(Data excerpts)

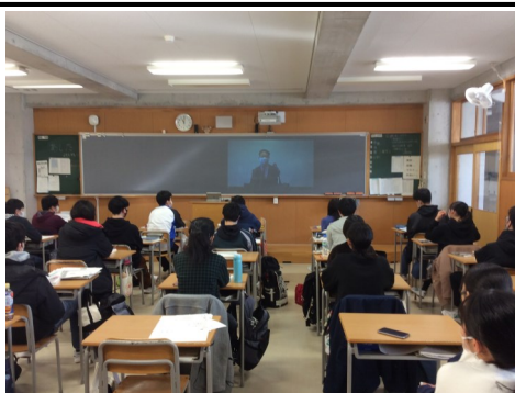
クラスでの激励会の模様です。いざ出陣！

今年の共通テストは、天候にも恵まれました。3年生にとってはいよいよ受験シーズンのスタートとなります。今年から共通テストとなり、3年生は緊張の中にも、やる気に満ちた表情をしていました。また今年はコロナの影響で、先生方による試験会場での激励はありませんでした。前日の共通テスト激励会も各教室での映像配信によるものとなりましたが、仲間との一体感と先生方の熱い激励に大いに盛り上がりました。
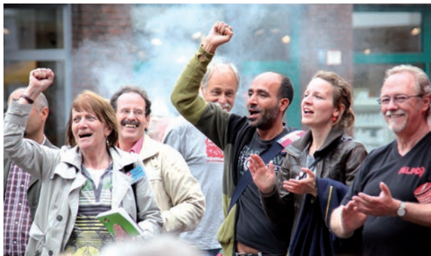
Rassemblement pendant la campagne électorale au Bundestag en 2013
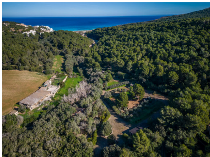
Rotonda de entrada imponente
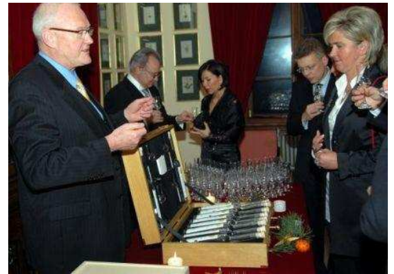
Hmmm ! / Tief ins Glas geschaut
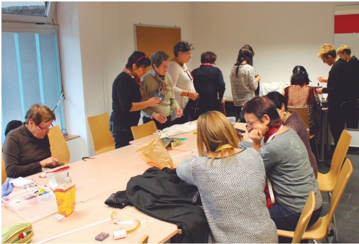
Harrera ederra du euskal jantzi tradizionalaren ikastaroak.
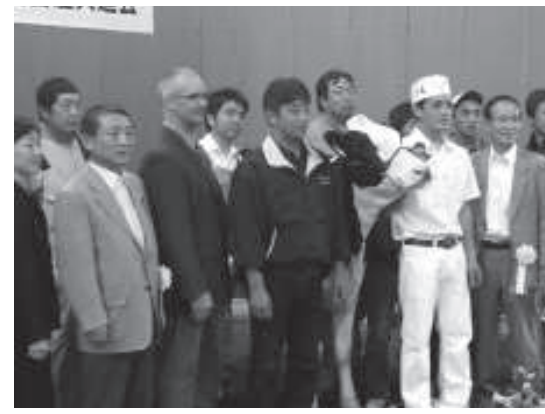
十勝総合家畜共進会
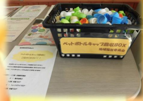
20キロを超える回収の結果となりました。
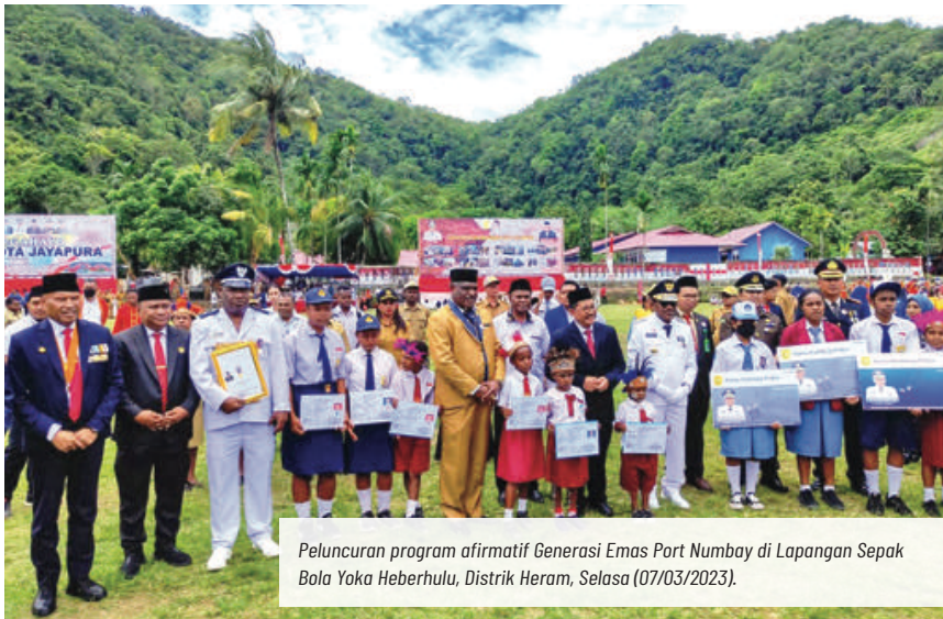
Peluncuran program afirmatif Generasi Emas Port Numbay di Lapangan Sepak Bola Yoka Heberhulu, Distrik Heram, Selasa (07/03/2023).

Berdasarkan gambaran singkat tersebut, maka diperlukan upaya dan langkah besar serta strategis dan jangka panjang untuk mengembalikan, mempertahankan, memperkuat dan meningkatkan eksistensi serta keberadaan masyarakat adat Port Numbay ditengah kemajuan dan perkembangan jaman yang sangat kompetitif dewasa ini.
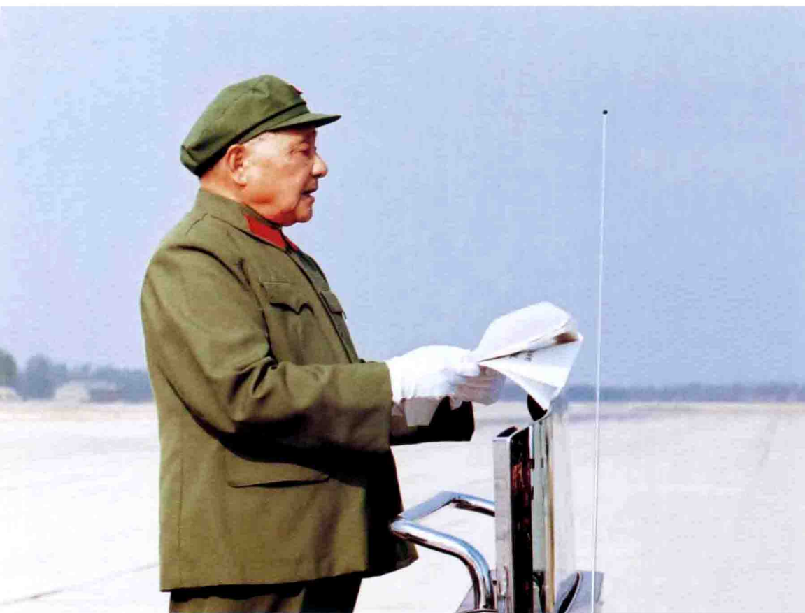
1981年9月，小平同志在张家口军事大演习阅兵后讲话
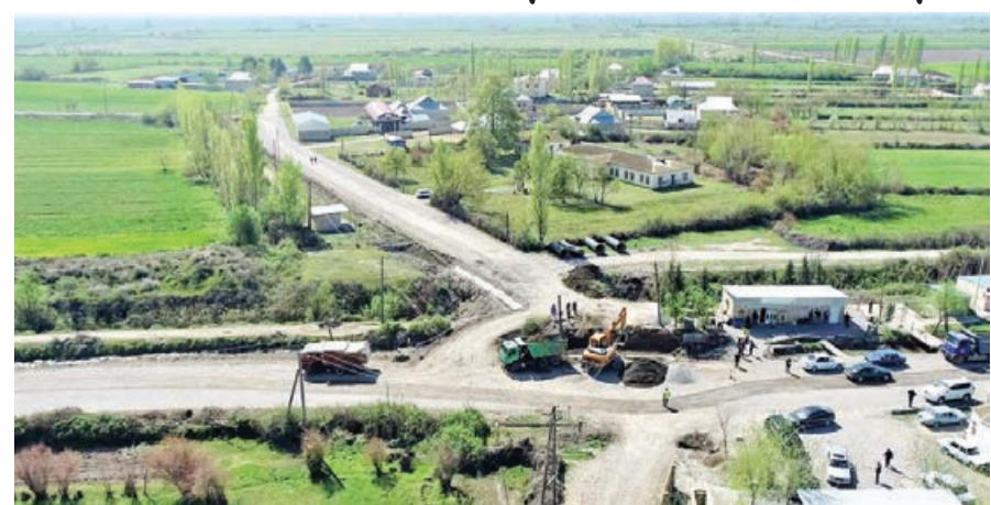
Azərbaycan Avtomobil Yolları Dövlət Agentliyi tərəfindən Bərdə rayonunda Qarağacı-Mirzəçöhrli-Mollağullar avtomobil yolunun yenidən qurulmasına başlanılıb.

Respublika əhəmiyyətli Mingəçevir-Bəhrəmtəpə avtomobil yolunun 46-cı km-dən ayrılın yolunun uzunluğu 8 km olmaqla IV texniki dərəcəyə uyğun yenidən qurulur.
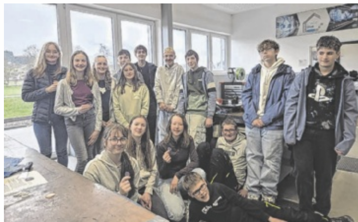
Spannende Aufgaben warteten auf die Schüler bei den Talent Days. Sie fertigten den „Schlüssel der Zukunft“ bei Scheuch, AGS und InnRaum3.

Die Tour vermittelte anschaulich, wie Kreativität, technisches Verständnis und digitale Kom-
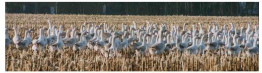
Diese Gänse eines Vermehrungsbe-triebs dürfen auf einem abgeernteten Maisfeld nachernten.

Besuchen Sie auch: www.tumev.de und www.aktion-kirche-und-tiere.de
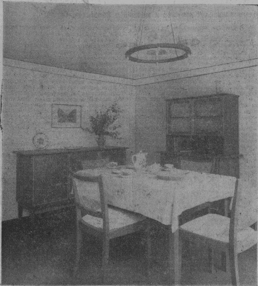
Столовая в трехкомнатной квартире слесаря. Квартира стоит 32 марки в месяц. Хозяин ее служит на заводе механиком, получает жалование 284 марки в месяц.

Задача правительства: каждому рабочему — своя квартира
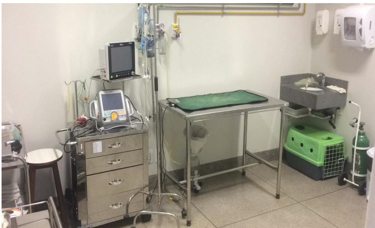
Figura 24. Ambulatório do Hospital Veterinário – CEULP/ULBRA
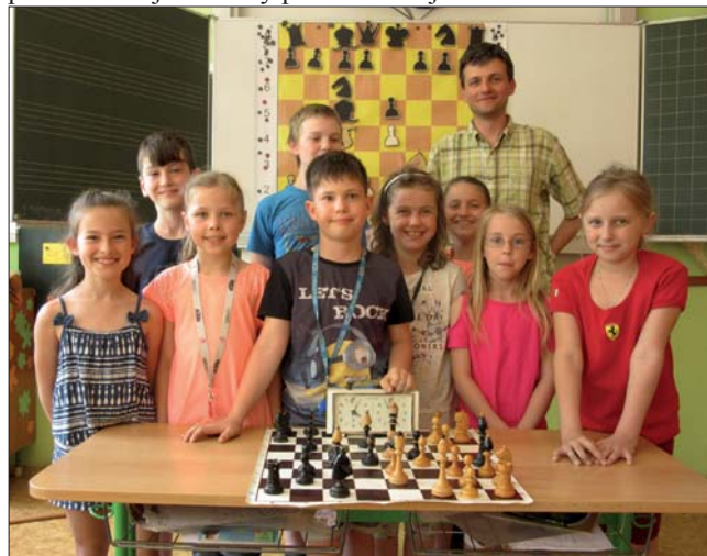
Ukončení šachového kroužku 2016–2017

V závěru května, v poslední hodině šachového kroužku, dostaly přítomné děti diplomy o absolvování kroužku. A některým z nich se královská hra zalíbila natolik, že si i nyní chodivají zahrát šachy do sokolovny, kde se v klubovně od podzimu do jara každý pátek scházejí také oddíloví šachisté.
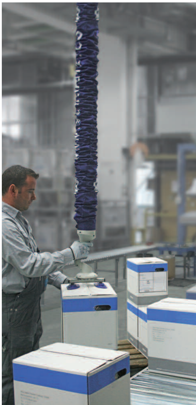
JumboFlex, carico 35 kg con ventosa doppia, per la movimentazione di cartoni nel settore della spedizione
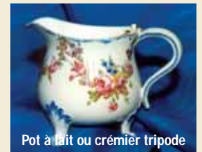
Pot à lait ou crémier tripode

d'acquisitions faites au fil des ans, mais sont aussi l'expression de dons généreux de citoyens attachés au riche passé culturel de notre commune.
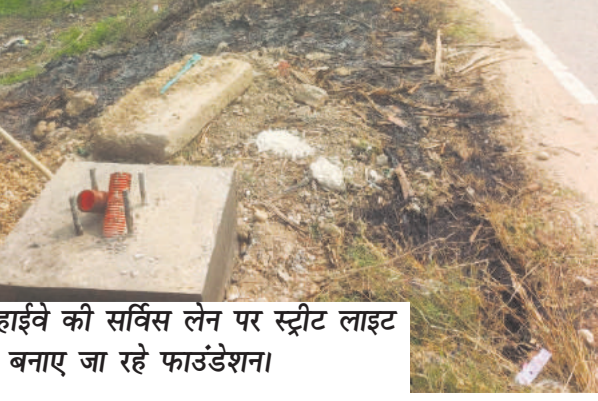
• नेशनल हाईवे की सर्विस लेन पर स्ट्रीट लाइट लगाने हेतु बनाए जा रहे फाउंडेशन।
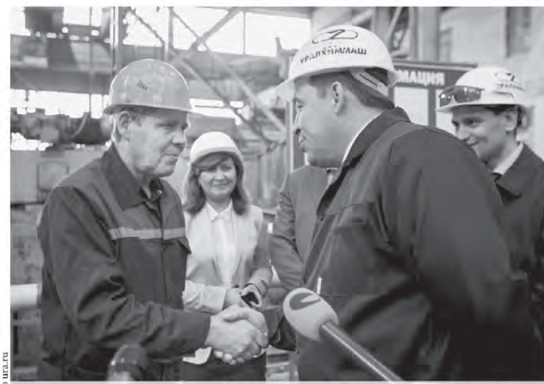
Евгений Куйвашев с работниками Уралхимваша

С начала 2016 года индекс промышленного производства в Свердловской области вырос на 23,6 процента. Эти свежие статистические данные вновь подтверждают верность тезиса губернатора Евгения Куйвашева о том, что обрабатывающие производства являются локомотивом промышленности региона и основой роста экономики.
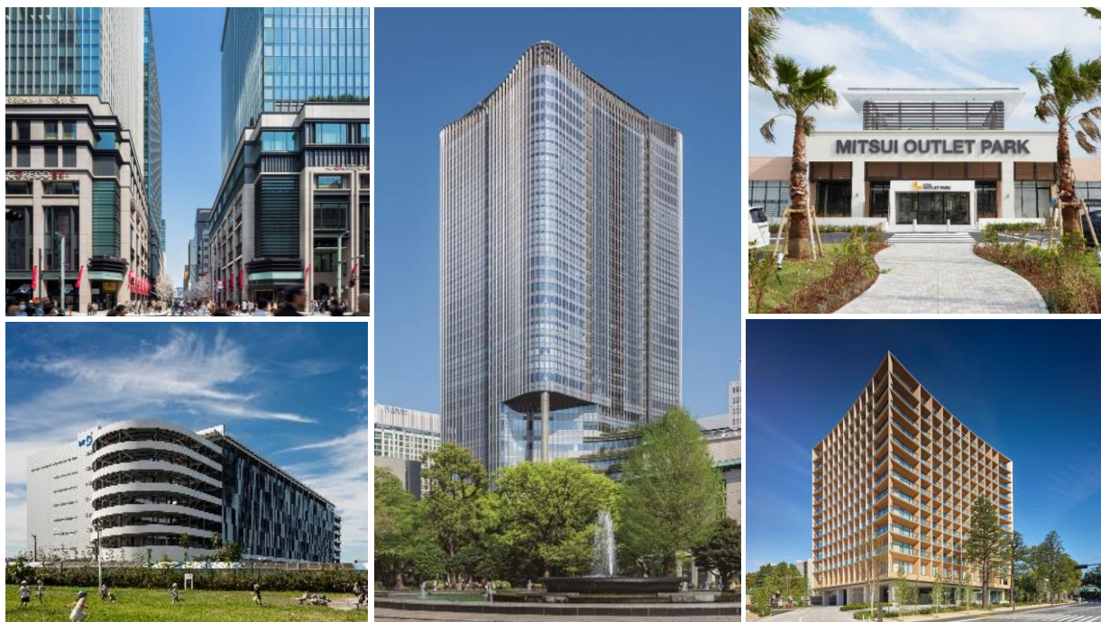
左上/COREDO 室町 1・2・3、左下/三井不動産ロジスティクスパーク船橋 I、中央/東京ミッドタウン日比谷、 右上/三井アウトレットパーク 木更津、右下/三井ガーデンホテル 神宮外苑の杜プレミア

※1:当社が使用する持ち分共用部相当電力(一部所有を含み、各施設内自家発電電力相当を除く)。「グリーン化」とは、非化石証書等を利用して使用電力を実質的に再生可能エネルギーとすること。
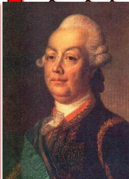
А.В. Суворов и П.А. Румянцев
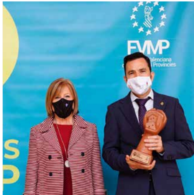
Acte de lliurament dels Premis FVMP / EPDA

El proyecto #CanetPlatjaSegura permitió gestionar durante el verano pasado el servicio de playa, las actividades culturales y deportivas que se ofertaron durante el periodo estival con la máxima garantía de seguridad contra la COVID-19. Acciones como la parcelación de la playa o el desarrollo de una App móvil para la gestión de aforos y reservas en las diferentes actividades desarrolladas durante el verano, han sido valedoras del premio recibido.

What the task asks = In the entries above, find the line with "Besuchen Sie auch: www.tumev.de" and the line with "Figura 24. Ambulatório". Write out exactly those two lines and every line between them, pictures excluded.

Output =
Besuchen Sie auch: www.tumev.de und www.aktion-kirche-und-tiere.de
Столовая в трехкомнатной квартире слесаря. Квартира стоит 32 марки в месяц. Хозяин ее служит на заводе механиком, получает жалование 284 марки в месяц.

Задача правительства: каждому рабочему — своя квартира
Figura 24. Ambulatório do Hospital Veterinário – CEULP/ULBRA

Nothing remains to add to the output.